Minor disturbances also took place in a number of other locations, both loyalist and republican, with vehicles hijacked and set on fire. In Londonderry a 14-year-old was arrested on suspicion of rioting.
The Ardoyne trouble broke out after an Orange march passed close to the Catholic area, where republican dissidents were determined to register their opposition.
On previous nights 22 police officers were injured as both loyalist and republican mobs used petrol-bombs and other missiles against them, though none of them was seriously hurt.
Police were stretched by the fact that disorder broke out in more than half a dozen separate locations in and around Belfast. Sixty new armoured Land Rovers were instantly brought into service, plastic bullets were fired and water cannon deployed.

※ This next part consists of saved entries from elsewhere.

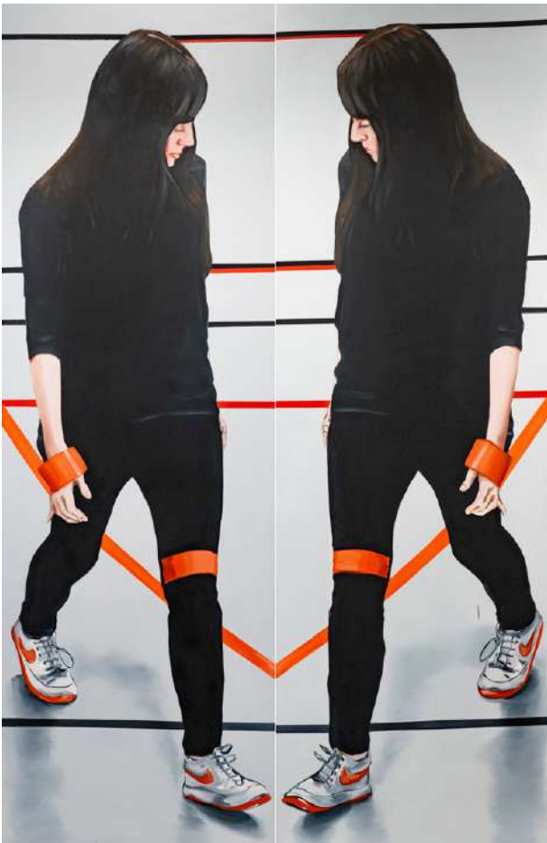
Charlotte Beaudry, Déesse-02 , huile sur toile, s.d.
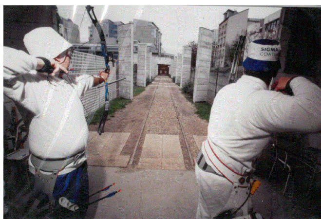
Le pas de tir 50 m et le Jeu d'Arc dans les années 1990-2000.
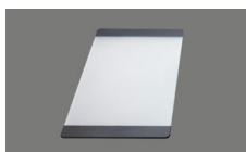
> Weblink 40.000.909.00 / CHF 151.- Tagliere, in vetro, bianco
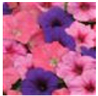
Beachcomber Mixture Improved
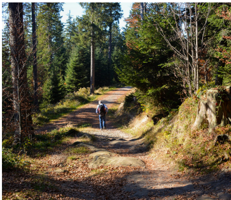
Der Ägeritaler Panoramaweg bietet wenige Aussichtspunkte, dafür einen tollen Wanderweg über die Muetegg.
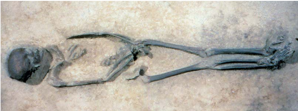
5 – VENSTER 2. ‘TRIJNTJE’, GRAF VAN EEN 40-60 JAAR OUDE VROUW, LAAT MESOLITHICUM, HARDINXVELD

In Europa trof de mens de Neanderthaler aan, een verwant uit het geslacht Homo , waarvan de mens zich in genetische, sociale en culturele zin fors onderscheidde; de wegen van beide soorten hadden zich immers al meer dan een half miljoen jaar geleden gescheiden. De Homo
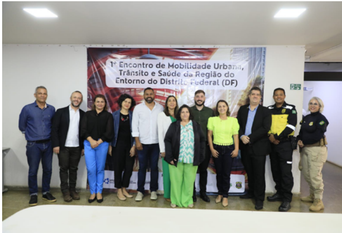
1º Encontro de Mobilidade Urbana, Trânsito e Saúde da Região do Entorno

"Já visitamos o sistema de transporte de Goiânia e agora estamos conhecendo o de Curitiba, no Paraná. Os dois são sistemas exitosos e queremos implementar experiências semelhantes na nossa
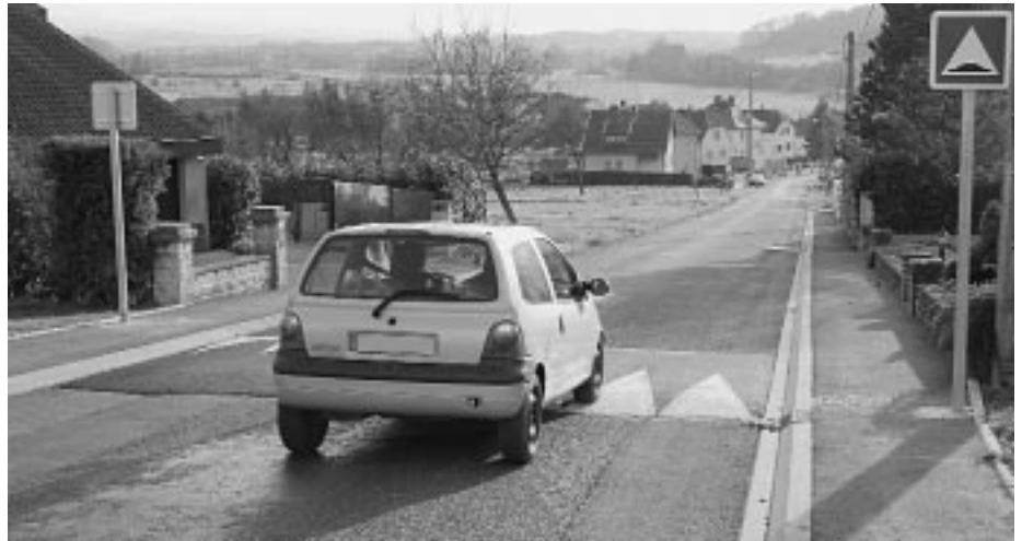
Ralentisseur rue des Vergers

Enfin, j'en viens à un autre problème préoccupant. Nous avons déjà évoqué le problème de la baisse de la natalité et ses répercussions possibles sur le fonctionnement de nos écoles : 6 naissances en 2005 et à ce jour 5 naissances en 2006 ne suffiront pas à pérenniser le fonc-

In recent weeks rioters have driven hijacked vehicles, sometimes on fire, towards police lines.
Few arrests have been made, since the police approach is usually to hold rioters at bay. Instead of using "snatch-squad" tactics, which carry the risk of inflaming trouble, police generally prefer to bring charges at a later date, often relying on closed-circuit TV evidence.
In recent times rioters have however increasingly worn woollen balaclavas to avoid identification. Dissident republican groups who indulge in full-scale terrorism send their members to flashpoints where they encourage local youths, who are often involved in petty crime, to take on the police.
Sinn Fein in west Belfast said yesterday that a local riot had been caused by "anti-social elements" coming together at one spot, saying: "There was clearly no rationale for gathering other than the purpose of having a riot.
"People came from other parts of Belfast, who would be known as anti-social elements, who had taken a lot of drink and were attacking the police.
"Those behind it are not welcome here. When it is all done the local community are left to pick up the pieces."
On the loyalist side rioting which took place in a number of normally peaceful locations north of Belfast was sparked when police moved in to remove a number of paramilitary flags.
While the police bore the brunt of the widespread violence other emergency services also came under attack. In west Belfast the windscreen of a fire engine was smashed by youths throwing bricks and bottles, while an ambulance crew was attacked after responding to a hoax call.
A fire service spokesman said: "We had over 200 incidents last night. It was very busy and challenging – we were dealing with a call every 75 seconds at one stage."